Entries shown ▸
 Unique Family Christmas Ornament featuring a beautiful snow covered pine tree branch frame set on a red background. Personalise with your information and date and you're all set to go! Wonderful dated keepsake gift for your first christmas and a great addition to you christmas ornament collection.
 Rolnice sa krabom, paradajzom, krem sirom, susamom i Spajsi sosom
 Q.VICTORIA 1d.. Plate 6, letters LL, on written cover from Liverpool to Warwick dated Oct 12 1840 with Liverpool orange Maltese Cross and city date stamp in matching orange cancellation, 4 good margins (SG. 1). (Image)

* * *

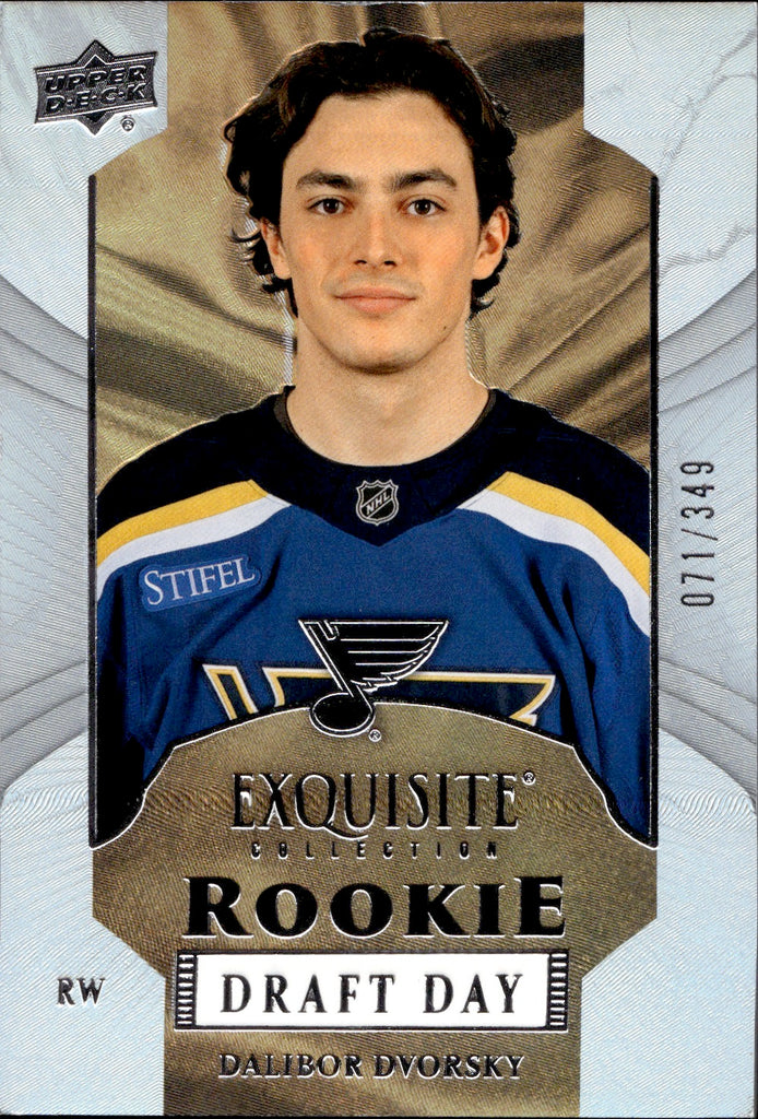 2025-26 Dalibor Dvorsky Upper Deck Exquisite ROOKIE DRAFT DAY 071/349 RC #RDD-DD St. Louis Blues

Task to carry out ▸
Return a word-for-word copy of the lines above from the one holding "Unique Family Christmas" through the one holding "Q.VICTORIA 1d.. Plate", with both of them included and nothing besides.

Exercise solution ▸
 Unique Family Christmas Ornament featuring a beautiful snow covered pine tree branch frame set on a red background. Personalise with your information and date and you're all set to go! Wonderful dated keepsake gift for your first christmas and a great addition to you christmas ornament collection.
 Rolnice sa krabom, paradajzom, krem sirom, susamom i Spajsi sosom
 Q.VICTORIA 1d.. Plate 6, letters LL, on written cover from Liverpool to Warwick dated Oct 12 1840 with Liverpool orange Maltese Cross and city date stamp in matching orange cancellation, 4 good margins (SG. 1). (Image)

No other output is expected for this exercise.